■ Task
Starting with the line that has "- If damage, open" in the records below and ending with the line that has "讲座分为三部分。第一部分教师", output those lines exactly and nothing more; omit the pictures.
━━━ Data extracts ━━━
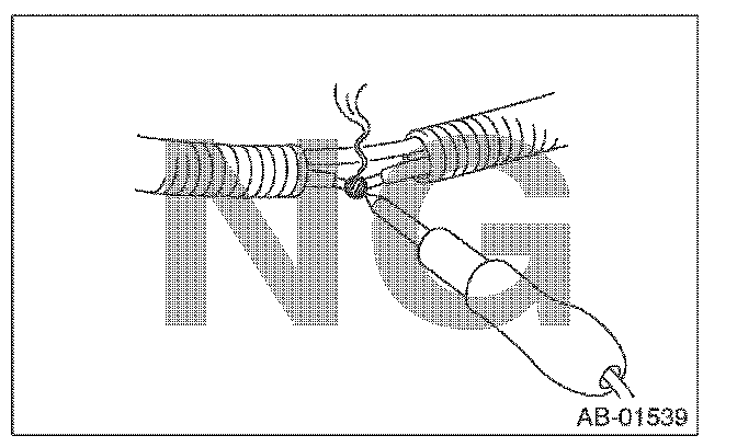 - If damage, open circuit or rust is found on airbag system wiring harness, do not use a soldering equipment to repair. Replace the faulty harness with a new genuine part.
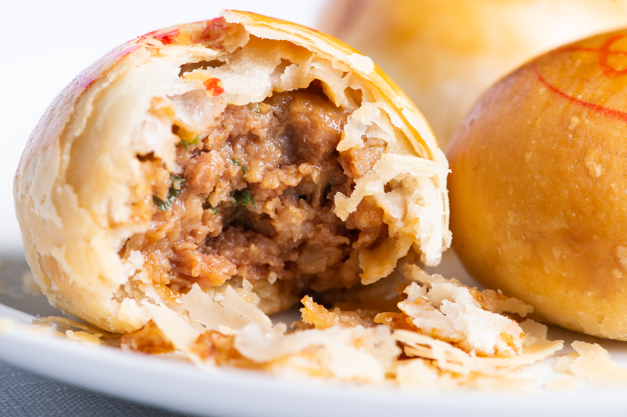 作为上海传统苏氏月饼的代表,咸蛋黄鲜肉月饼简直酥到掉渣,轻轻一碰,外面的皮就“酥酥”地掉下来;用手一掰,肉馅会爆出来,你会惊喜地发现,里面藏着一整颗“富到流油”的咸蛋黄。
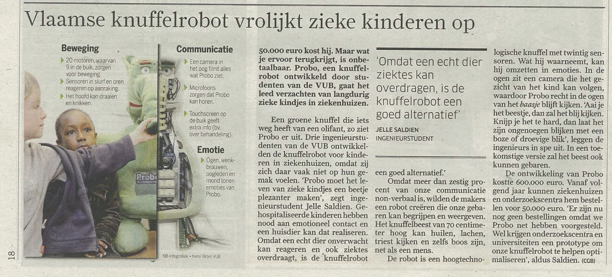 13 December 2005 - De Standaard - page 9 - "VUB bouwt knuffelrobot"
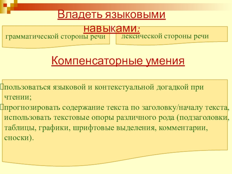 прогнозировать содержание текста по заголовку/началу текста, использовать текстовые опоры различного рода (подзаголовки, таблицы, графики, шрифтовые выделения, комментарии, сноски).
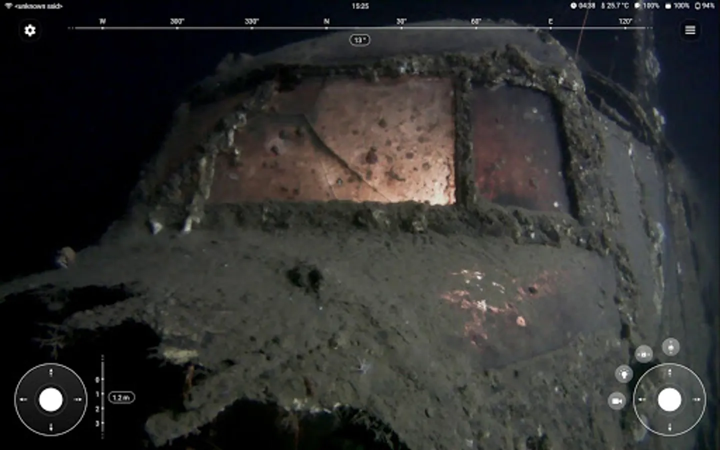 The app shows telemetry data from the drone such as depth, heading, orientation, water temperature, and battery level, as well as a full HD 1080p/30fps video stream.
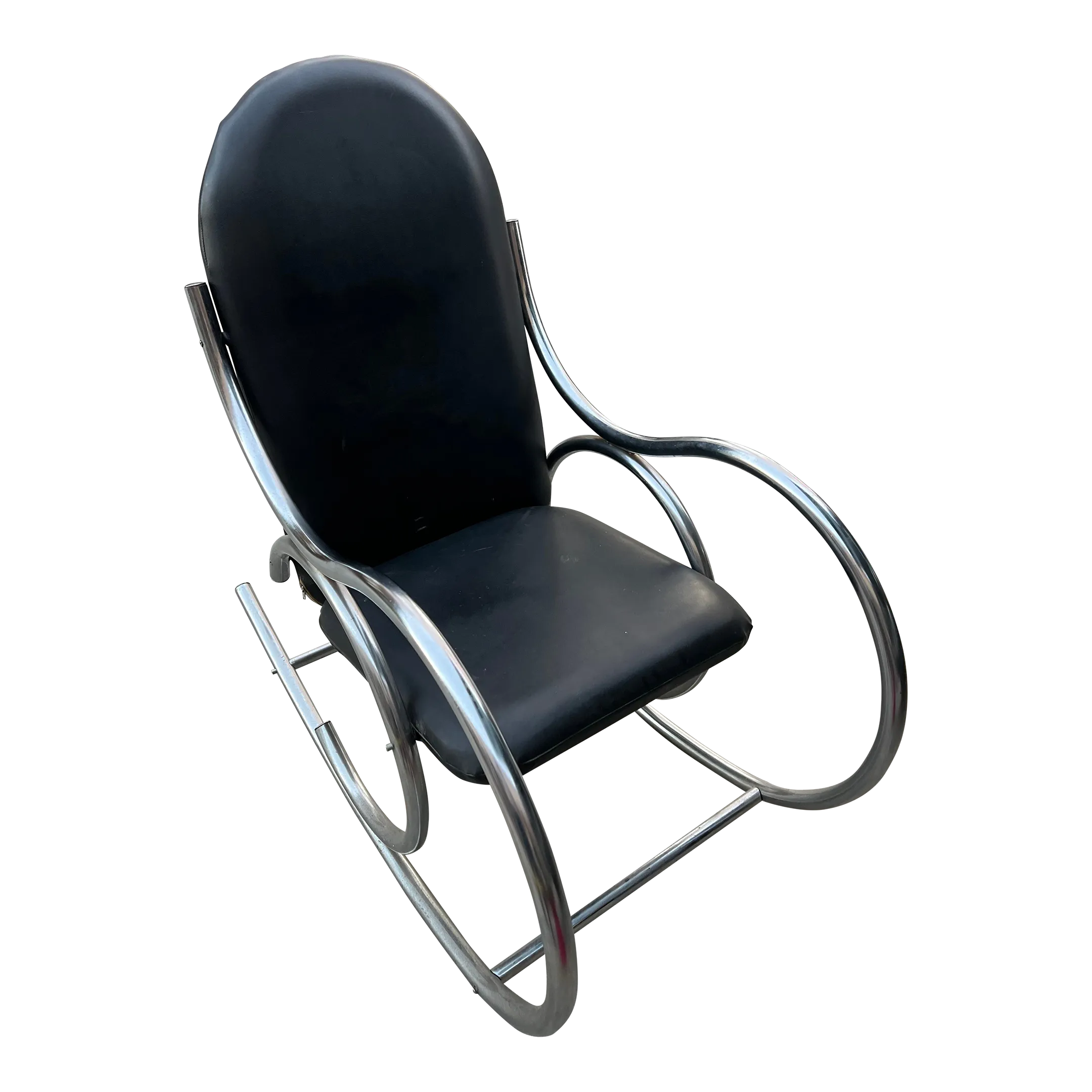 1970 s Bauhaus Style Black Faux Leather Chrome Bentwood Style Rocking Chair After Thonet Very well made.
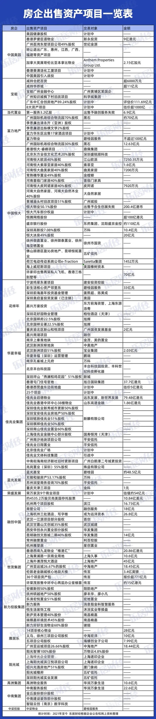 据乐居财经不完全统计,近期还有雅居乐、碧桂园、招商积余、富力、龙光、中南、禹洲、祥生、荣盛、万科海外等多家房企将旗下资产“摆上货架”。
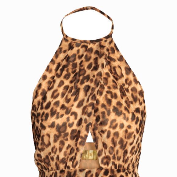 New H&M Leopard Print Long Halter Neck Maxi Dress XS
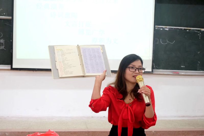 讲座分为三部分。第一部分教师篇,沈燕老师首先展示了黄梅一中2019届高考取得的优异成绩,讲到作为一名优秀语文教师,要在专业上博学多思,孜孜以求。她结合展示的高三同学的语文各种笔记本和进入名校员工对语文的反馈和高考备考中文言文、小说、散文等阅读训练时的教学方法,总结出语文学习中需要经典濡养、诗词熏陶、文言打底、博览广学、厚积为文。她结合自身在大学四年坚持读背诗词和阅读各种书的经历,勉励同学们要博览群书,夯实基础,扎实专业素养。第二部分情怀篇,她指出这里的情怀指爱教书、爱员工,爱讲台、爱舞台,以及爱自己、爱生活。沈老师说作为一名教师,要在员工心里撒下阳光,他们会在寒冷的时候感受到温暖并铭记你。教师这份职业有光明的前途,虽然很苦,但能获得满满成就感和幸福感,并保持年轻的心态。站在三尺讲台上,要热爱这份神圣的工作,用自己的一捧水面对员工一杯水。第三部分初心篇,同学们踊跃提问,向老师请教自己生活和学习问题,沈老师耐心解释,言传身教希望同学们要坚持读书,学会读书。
━━━
━━━ Data extracts ━━━
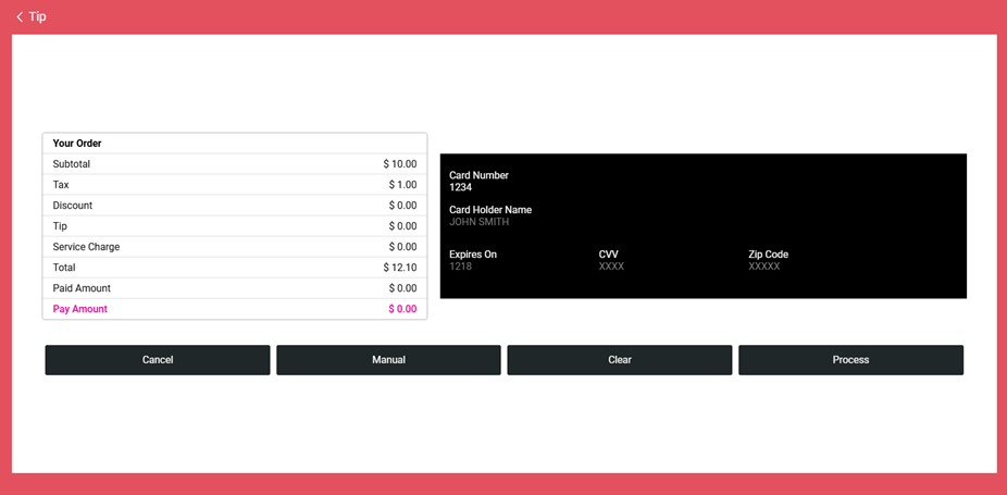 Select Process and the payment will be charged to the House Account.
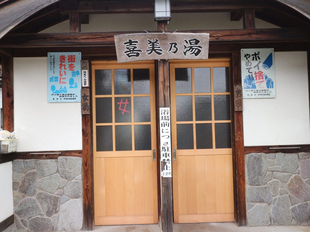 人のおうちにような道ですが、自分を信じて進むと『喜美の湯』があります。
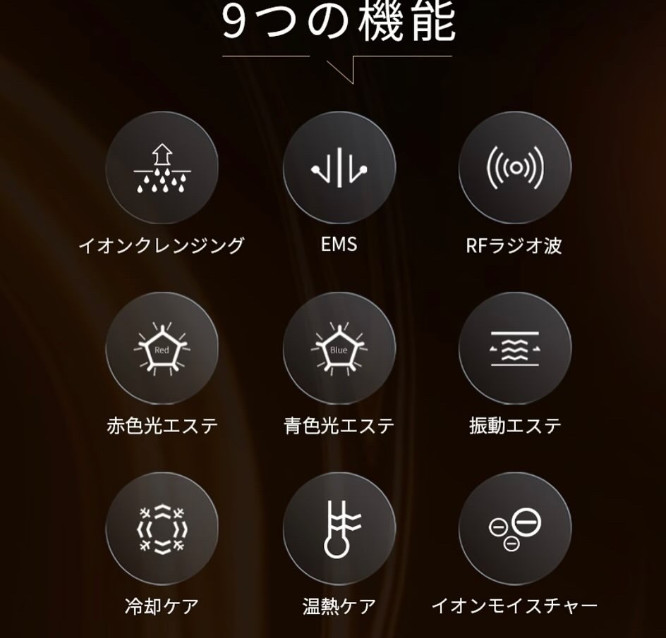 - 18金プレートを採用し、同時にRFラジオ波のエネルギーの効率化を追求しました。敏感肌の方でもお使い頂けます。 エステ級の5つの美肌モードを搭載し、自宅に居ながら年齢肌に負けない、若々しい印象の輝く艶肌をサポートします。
━━━
━━━ Data extracts ━━━
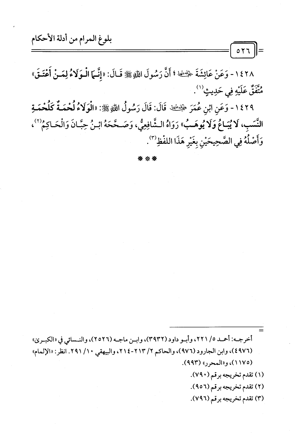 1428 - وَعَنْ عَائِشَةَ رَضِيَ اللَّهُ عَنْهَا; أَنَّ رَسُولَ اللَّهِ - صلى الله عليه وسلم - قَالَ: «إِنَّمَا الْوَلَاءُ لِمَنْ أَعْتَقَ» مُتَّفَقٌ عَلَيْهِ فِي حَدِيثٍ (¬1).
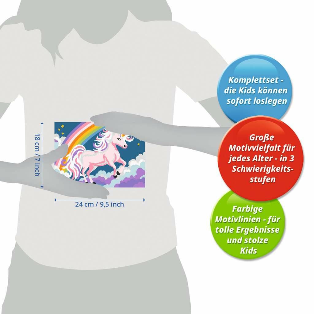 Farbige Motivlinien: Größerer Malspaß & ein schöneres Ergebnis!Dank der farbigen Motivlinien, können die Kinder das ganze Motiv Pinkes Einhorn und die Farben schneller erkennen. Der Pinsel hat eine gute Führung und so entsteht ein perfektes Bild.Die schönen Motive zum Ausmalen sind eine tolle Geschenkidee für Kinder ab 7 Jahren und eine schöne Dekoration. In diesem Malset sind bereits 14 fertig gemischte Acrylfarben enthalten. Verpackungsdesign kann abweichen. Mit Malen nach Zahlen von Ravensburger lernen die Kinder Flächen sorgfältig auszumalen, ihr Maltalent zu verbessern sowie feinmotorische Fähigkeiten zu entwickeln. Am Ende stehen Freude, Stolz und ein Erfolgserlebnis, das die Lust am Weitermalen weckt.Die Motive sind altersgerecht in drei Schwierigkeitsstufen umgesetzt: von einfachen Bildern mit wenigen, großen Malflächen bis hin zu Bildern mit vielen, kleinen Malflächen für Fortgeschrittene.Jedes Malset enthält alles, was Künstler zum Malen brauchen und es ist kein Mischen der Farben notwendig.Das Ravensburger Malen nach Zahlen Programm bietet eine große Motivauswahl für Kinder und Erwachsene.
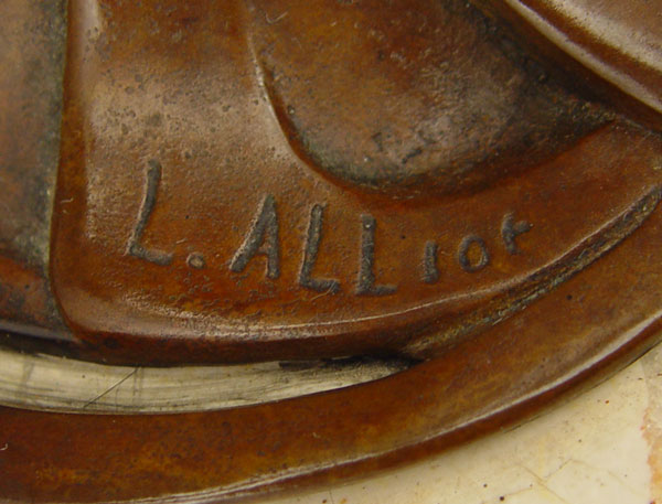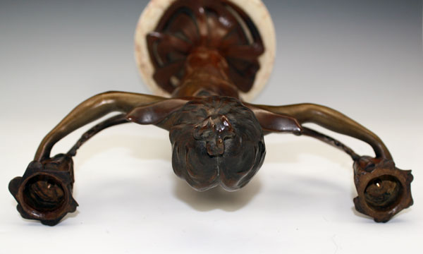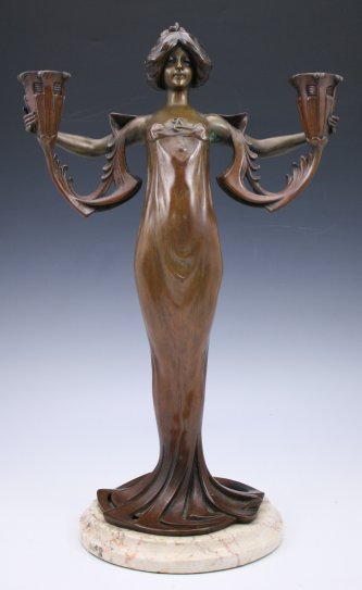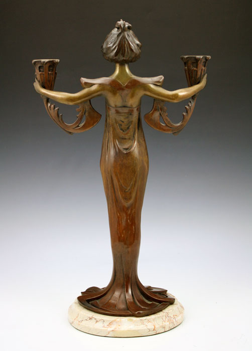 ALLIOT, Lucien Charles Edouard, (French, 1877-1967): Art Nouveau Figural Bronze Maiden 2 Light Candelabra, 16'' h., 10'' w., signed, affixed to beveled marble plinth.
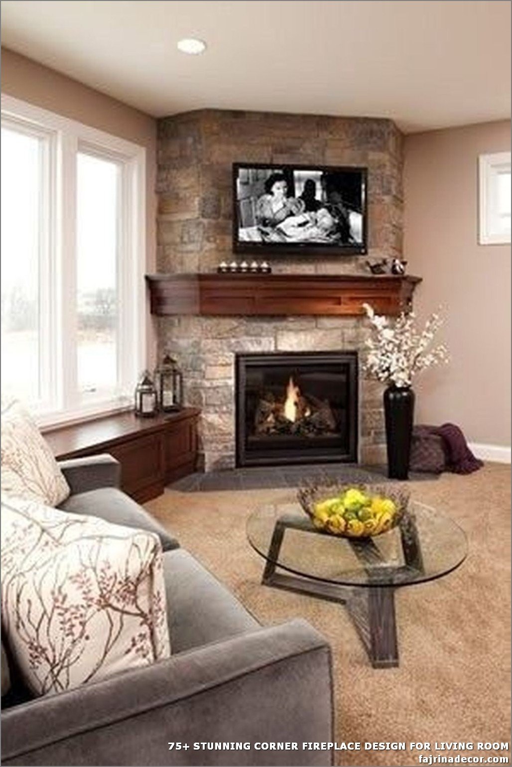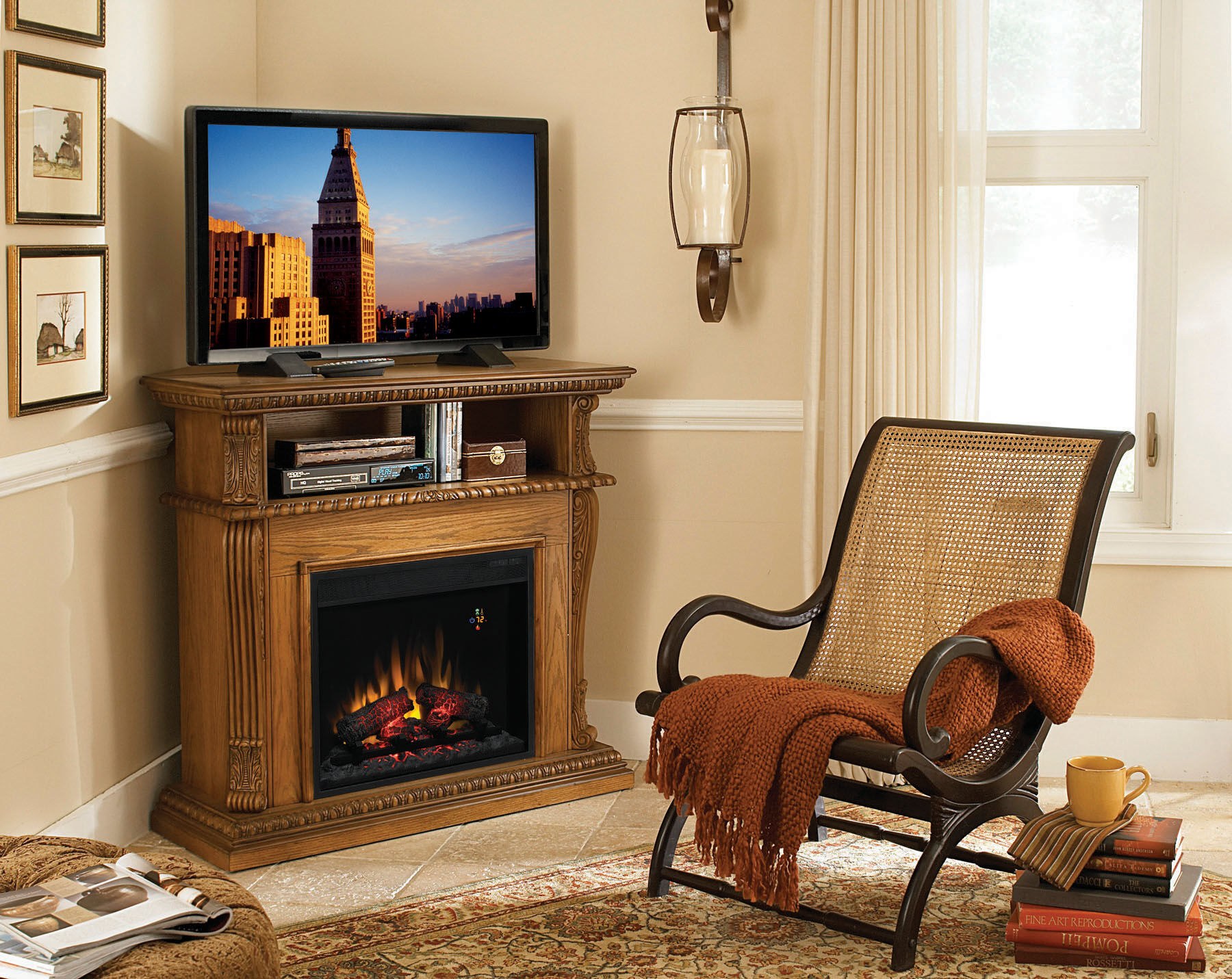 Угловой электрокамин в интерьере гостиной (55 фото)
━━━
■ The completed task
 - If damage, open circuit or rust is found on airbag system wiring harness, do not use a soldering equipment to repair. Replace the faulty harness with a new genuine part.
 作为上海传统苏氏月饼的代表,咸蛋黄鲜肉月饼简直酥到掉渣,轻轻一碰,外面的皮就“酥酥”地掉下来;用手一掰,肉馅会爆出来,你会惊喜地发现,里面藏着一整颗“富到流油”的咸蛋黄。
 13 December 2005 - De Standaard - page 9 - "VUB bouwt knuffelrobot"
 прогнозировать содержание текста по заголовку/началу текста, использовать текстовые опоры различного рода (подзаголовки, таблицы, графики, шрифтовые выделения, комментарии, сноски).
 The app shows telemetry data from the drone such as depth, heading, orientation, water temperature, and battery level, as well as a full HD 1080p/30fps video stream.
 1970 s Bauhaus Style Black Faux Leather Chrome Bentwood Style Rocking Chair After Thonet Very well made.
 据乐居财经不完全统计,近期还有雅居乐、碧桂园、招商积余、富力、龙光、中南、禹洲、祥生、荣盛、万科海外等多家房企将旗下资产“摆上货架”。
 New H&M Leopard Print Long Halter Neck Maxi Dress XS
 讲座分为三部分。第一部分教师篇,沈燕老师首先展示了黄梅一中2019届高考取得的优异成绩,讲到作为一名优秀语文教师,要在专业上博学多思,孜孜以求。她结合展示的高三同学的语文各种笔记本和进入名校员工对语文的反馈和高考备考中文言文、小说、散文等阅读训练时的教学方法,总结出语文学习中需要经典濡养、诗词熏陶、文言打底、博览广学、厚积为文。她结合自身在大学四年坚持读背诗词和阅读各种书的经历,勉励同学们要博览群书,夯实基础,扎实专业素养。第二部分情怀篇,她指出这里的情怀指爱教书、爱员工,爱讲台、爱舞台,以及爱自己、爱生活。沈老师说作为一名教师,要在员工心里撒下阳光,他们会在寒冷的时候感受到温暖并铭记你。教师这份职业有光明的前途,虽然很苦,但能获得满满成就感和幸福感,并保持年轻的心态。站在三尺讲台上,要热爱这份神圣的工作,用自己的一捧水面对员工一杯水。第三部分初心篇,同学们踊跃提问,向老师请教自己生活和学习问题,沈老师耐心解释,言传身教希望同学们要坚持读书,学会读书。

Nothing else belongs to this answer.